# The Met; Policing London



## Shug750S (Feb 6, 2012)

Watching this now on catch up. Police chasing robbers on scooters and scooter riders throw their helmets off, leading to Police having to stop chase.

Senior officer says this is in case the robber comes off without a lid and is injured it's the police fault for chasing them.

Madness.


----------



## Hoggy (May 8, 2002)

Hi, Watched it yesterday & as was said, they had to worry more about the criminals than the victims, crazy.
It's the same when they chase cars for miles, smashing up a few innocent cars in the process, rather than spinning them off at the first opportunity. Spinning them off may cause the criminals injury, so what. :? 
Hoggy.


----------



## YELLOW_TT (Feb 25, 2004)

dont get me started on this :evil:


----------



## j8keith (Jun 26, 2009)

Very sad situation, it appears that victims of crime are low down the pecking order.


----------



## brian1978 (Jul 10, 2013)

Hoggy said:


> Hi, Watched it yesterday & as was said, they had to worry more about the criminals than the victims, crazy.
> It's the same when they chase cars for miles, smashing up a few innocent cars in the process, rather than spinning them off at the first opportunity. Spinning them off may cause the criminals injury, so what. :?
> Hoggy.


They could have a kid in the back.


----------



## Spandex (Feb 20, 2009)

Just watch a few police chases in the US to see what it would be like if they tried to 'spin them off at the first opportunity'. It's complete chaos, with pedestrians and other car drivers all put at risk. Makes our police look pretty professional.


----------



## Nilesong (Jan 19, 2009)

In Brazil I believe. A tad extreme....

http://i.imgur.com/Vl99cIv.gifv


----------



## bhoy78 (Oct 30, 2014)

No messing in Brazil!


----------



## Hoggy (May 8, 2002)

Spandex said:


> Just watch a few police chases in the US to see what it would be like if they tried to 'spin them off at the first opportunity'. It's complete chaos, with pedestrians and other car drivers all put at risk. Makes our police look pretty professional.

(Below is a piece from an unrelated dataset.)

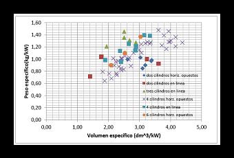 En la fig. 1 se muestra el gráfico obtenido utilizando como parámetro el nº de cilindros y su configuración. Puede verse que los “4 cilindros horizontales opuestos”, los más abundantes, ocupan una banda diagonal creciente. Se observa que, para el mismo volumen específico, los motores con los cilindros en línea presentan un mayor peso específico.

Hi, They usually have plenty of "safe" places to spin them off, common sense still required.
Allowing them to damage numerous vehicles & injuring innocent people is not really professional. 
Hoggy.


----------



## brian1978 (Jul 10, 2013)

Hoggy said:


> Spandex said:
> 
> 
> > Just watch a few police chases in the US to see what it would be like if they tried to 'spin them off at the first opportunity'. It's complete chaos, with pedestrians and other car drivers all put at risk. Makes our police look pretty professional.
> ...


yeah but if an innocent passenger got injured they would get sued to hell and back,


----------



## Spandex (Feb 20, 2009)

Hoggy said:


> Spandex said:
> 
> 
> > Just watch a few police chases in the US to see what it would be like if they tried to 'spin them off at the first opportunity'. It's complete chaos, with pedestrians and other car drivers all put at risk. Makes our police look pretty professional.
> ...


Calling off the chase _avoids_ damage to other cars and people. Criminals don't need to take the same risks if they're not being chased.

Of the three options ('spin them off', chase them, stop chasing them) only one of them reduces the danger to the public. It also results in the criminal escaping, but if the immediate safety of the public is the priority then it's the only option when a chase gets too dangerous.


----------



## Hoggy (May 8, 2002)

Hi, Discard helmets or drive dangerously & they can get away, much the same as illegal immigrants with no passports, can't remove them from the UK.
Must be so frustrating being a copper nowadays. :?  
Hoggy.


----------



## Spandex (Feb 20, 2009)

Hoggy said:


> Must be so frustrating being a copper nowadays. :?
> Hoggy.


That we agree on..


----------



## Shug750S (Feb 6, 2012)

Spandex said:


> Hoggy said:
> 
> 
> > Must be so frustrating being a copper nowadays. :?
> ...


+1 on that. Got a good mate who's a cop. A few years back when the summer riots were going on he was with a group of cops (and dog handlers) and reckoned they were doing okay in their high street and driving the looters and hoolies back, until a TV crew arrived and their inspector told them all to back off as it wouldn't look good as presumably they were using 'adequate' force delivered in an appropriate manner.

Within a few minutes of them being less aggressive so as not to annoy the TV crews loads of shop windows went in.

He was well pissed off, and reckoned they could have kept going for a while, and quite a few of the looters had chunks missing after attention from the dogs.


----------